▶ What is needed:
Excluding pictures, what does the listing below contain from the line with "Situé en rez" up to and including the line with "- XXL masterbedroom", word for word?

▶ Recorded information:
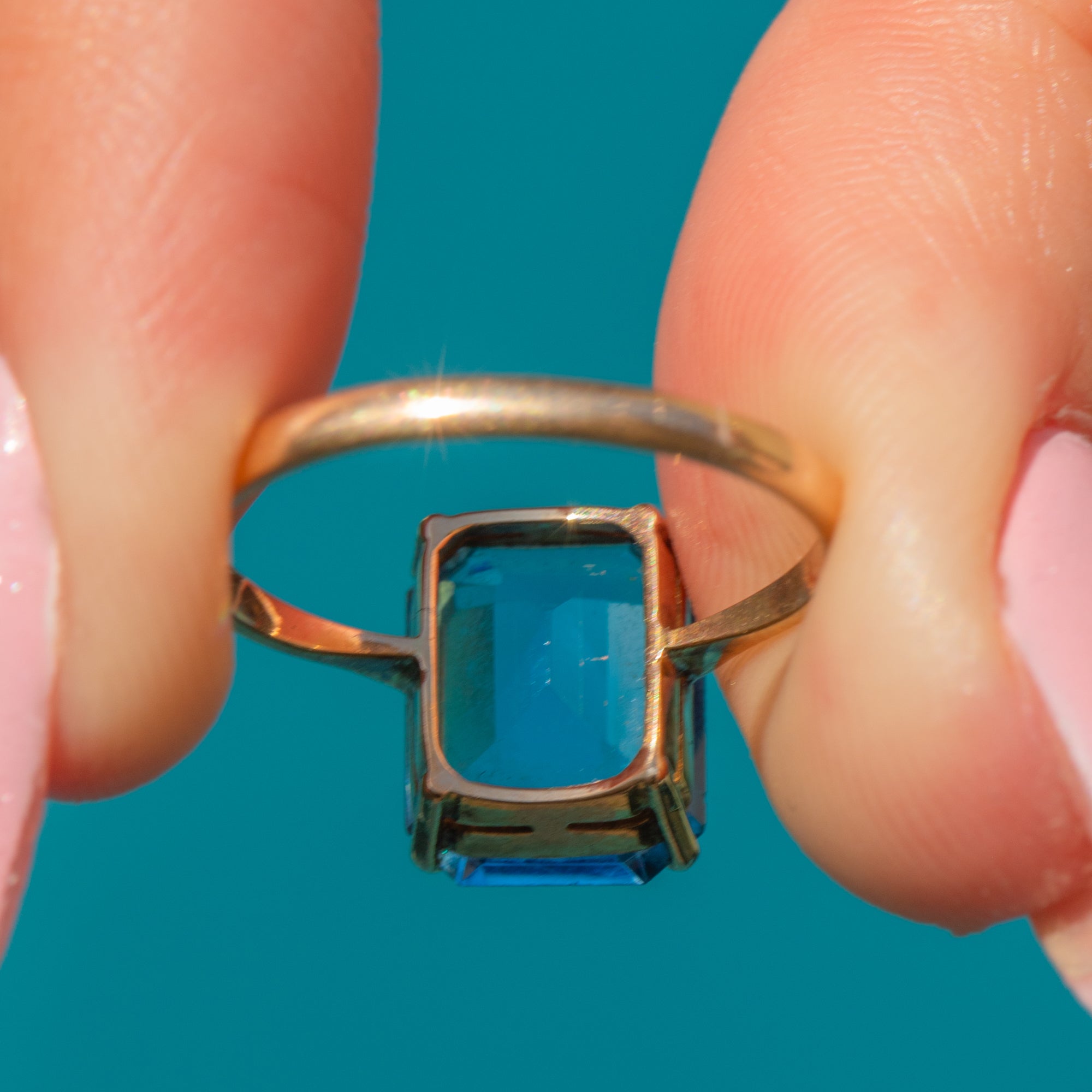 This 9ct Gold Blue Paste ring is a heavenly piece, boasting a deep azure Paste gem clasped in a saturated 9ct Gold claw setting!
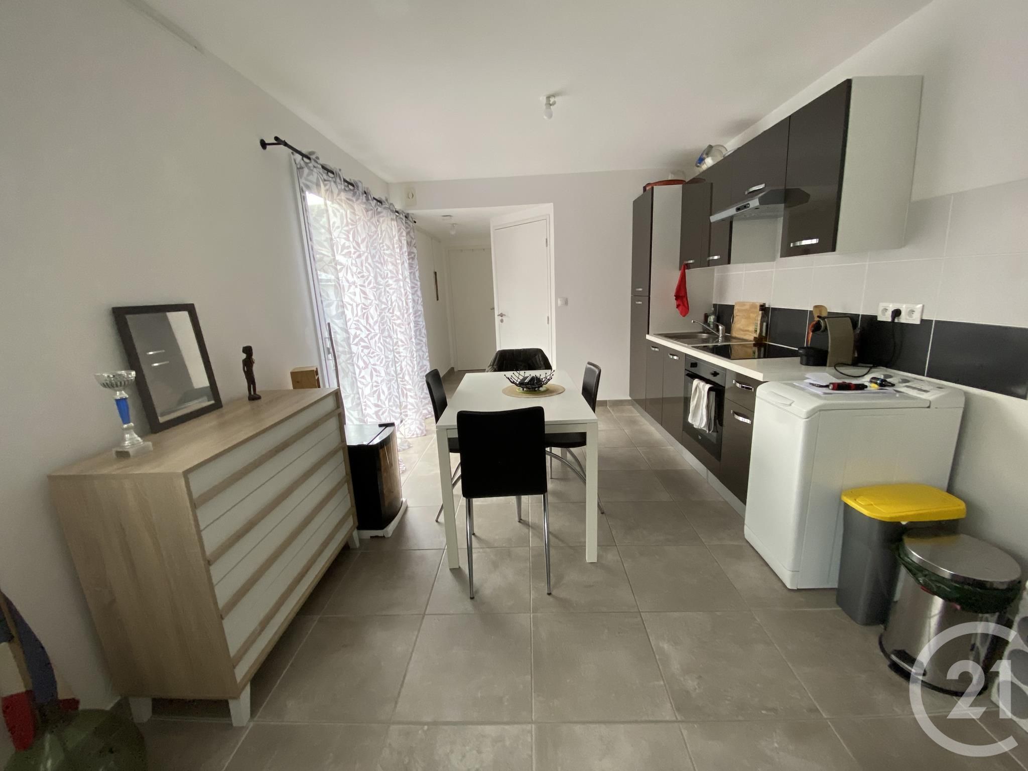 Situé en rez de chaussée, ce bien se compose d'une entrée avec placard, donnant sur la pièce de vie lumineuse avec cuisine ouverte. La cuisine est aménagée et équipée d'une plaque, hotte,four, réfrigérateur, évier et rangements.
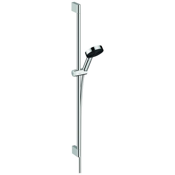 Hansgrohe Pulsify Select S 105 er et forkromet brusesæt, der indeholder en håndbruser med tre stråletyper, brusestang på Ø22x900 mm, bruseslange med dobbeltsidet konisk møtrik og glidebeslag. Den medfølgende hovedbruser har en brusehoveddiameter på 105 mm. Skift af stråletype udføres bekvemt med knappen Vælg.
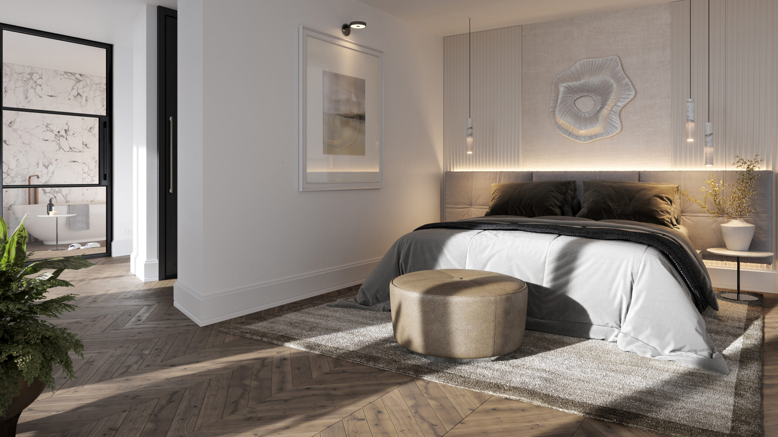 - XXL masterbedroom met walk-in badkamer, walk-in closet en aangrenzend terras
* * *
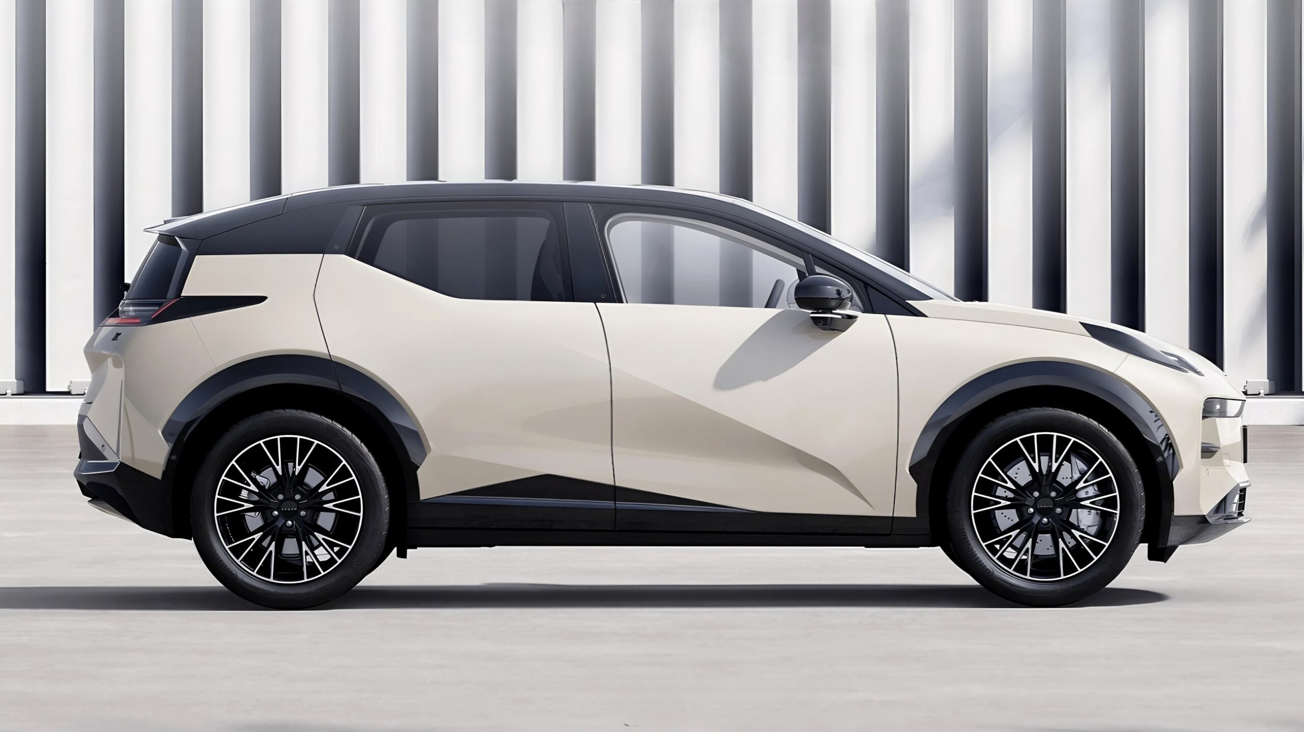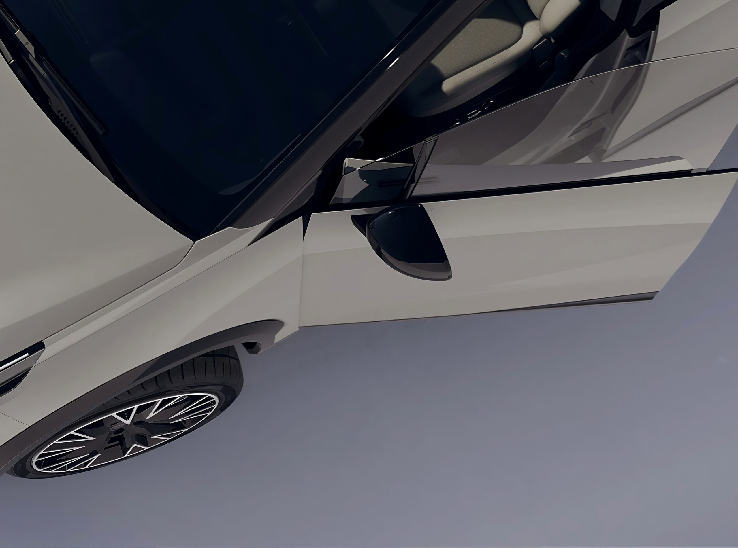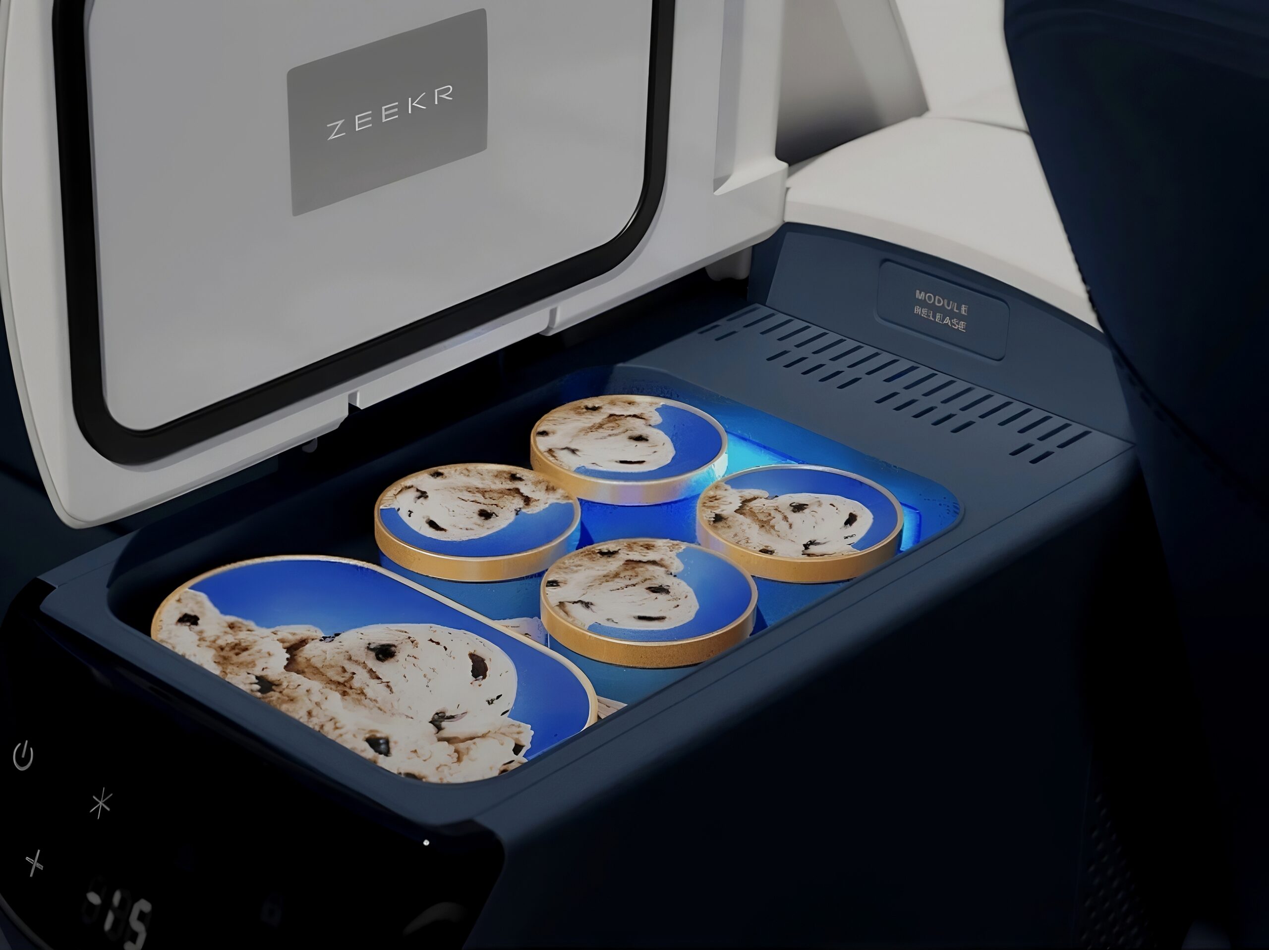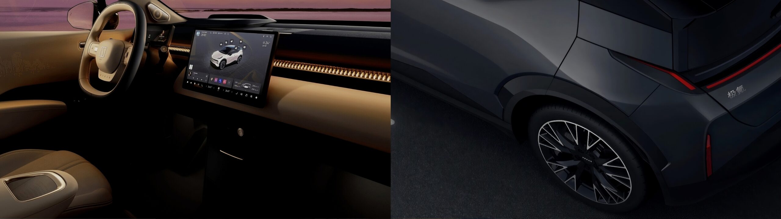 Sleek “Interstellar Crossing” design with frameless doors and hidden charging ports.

▶ Task response:
 Situé en rez de chaussée, ce bien se compose d'une entrée avec placard, donnant sur la pièce de vie lumineuse avec cuisine ouverte. La cuisine est aménagée et équipée d'une plaque, hotte,four, réfrigérateur, évier et rangements.
 Hansgrohe Pulsify Select S 105 er et forkromet brusesæt, der indeholder en håndbruser med tre stråletyper, brusestang på Ø22x900 mm, bruseslange med dobbeltsidet konisk møtrik og glidebeslag. Den medfølgende hovedbruser har en brusehoveddiameter på 105 mm. Skift af stråletype udføres bekvemt med knappen Vælg.
 - XXL masterbedroom met walk-in badkamer, walk-in closet en aangrenzend terras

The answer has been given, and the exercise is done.